- **Exercise directions**:
Could you repeat the entries below exactly, but only from the line with "Figure 2: Subalpine" through the line with "Optics Module with 5 MP Color Camera", and without any picture?

==== Materials provided

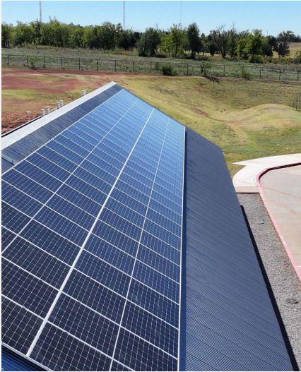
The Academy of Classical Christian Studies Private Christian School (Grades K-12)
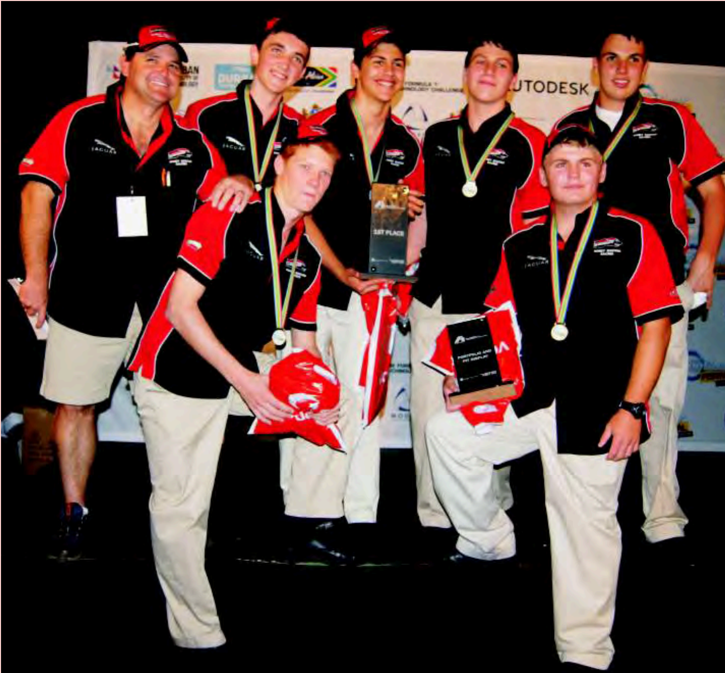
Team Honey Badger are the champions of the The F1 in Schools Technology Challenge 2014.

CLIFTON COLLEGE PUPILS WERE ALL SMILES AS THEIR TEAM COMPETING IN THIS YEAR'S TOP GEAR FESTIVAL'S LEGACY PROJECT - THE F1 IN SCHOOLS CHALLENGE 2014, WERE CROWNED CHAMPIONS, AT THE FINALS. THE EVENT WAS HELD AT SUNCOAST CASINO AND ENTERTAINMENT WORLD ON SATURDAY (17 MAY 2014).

========
==== Materials provided

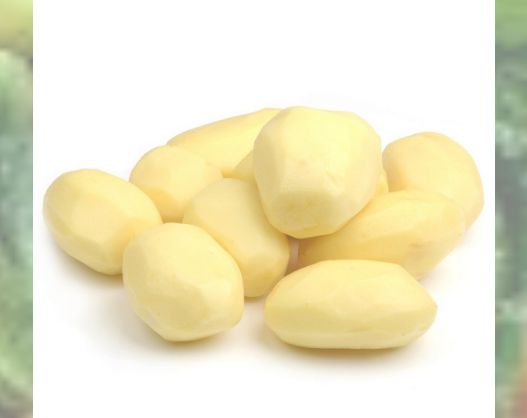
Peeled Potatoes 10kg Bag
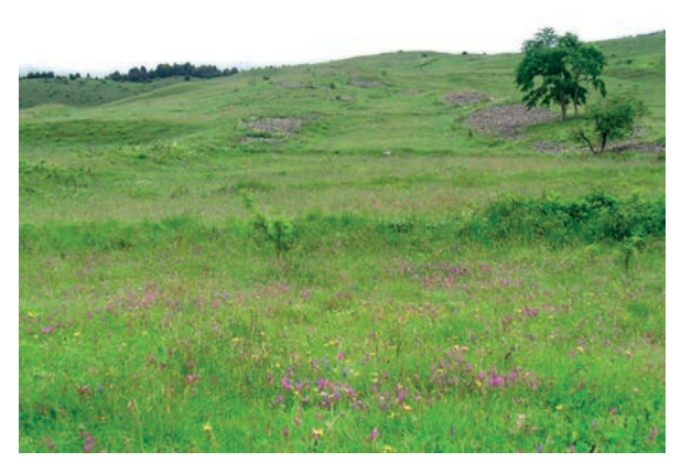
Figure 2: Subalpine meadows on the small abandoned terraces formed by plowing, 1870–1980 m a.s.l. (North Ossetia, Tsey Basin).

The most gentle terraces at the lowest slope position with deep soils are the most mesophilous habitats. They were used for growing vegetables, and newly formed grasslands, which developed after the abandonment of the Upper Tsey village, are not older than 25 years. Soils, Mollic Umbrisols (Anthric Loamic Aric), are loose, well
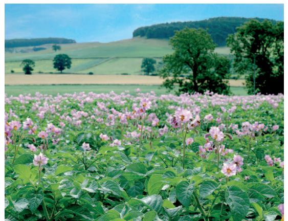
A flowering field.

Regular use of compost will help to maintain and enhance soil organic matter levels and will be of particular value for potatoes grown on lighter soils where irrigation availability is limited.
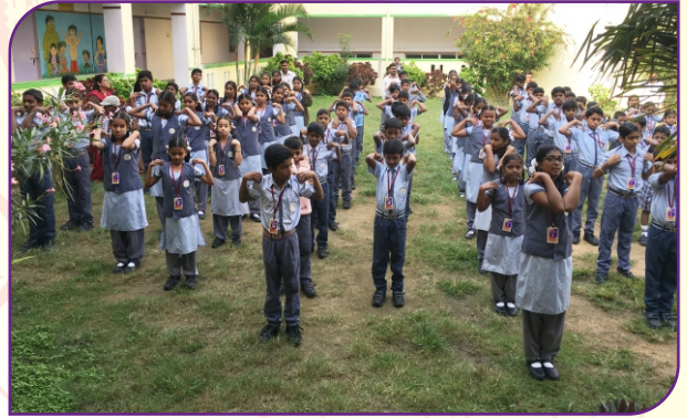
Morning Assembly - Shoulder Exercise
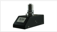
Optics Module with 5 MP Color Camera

========
==== Materials provided

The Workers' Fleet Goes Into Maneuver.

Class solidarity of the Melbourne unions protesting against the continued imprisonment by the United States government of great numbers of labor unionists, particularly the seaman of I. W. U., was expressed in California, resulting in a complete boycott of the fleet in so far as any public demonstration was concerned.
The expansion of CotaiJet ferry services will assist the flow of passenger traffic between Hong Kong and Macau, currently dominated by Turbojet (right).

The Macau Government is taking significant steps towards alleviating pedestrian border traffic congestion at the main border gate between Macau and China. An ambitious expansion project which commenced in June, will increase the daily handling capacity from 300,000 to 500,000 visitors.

========

- **Solution**:
Figure 2: Subalpine meadows on the small abandoned terraces formed by plowing, 1870–1980 m a.s.l. (North Ossetia, Tsey Basin).

The most gentle terraces at the lowest slope position with deep soils are the most mesophilous habitats. They were used for growing vegetables, and newly formed grasslands, which developed after the abandonment of the Upper Tsey village, are not older than 25 years. Soils, Mollic Umbrisols (Anthric Loamic Aric), are loose, well
A flowering field.

Regular use of compost will help to maintain and enhance soil organic matter levels and will be of particular value for potatoes grown on lighter soils where irrigation availability is limited.
Morning Assembly - Shoulder Exercise
Optics Module with 5 MP Color Camera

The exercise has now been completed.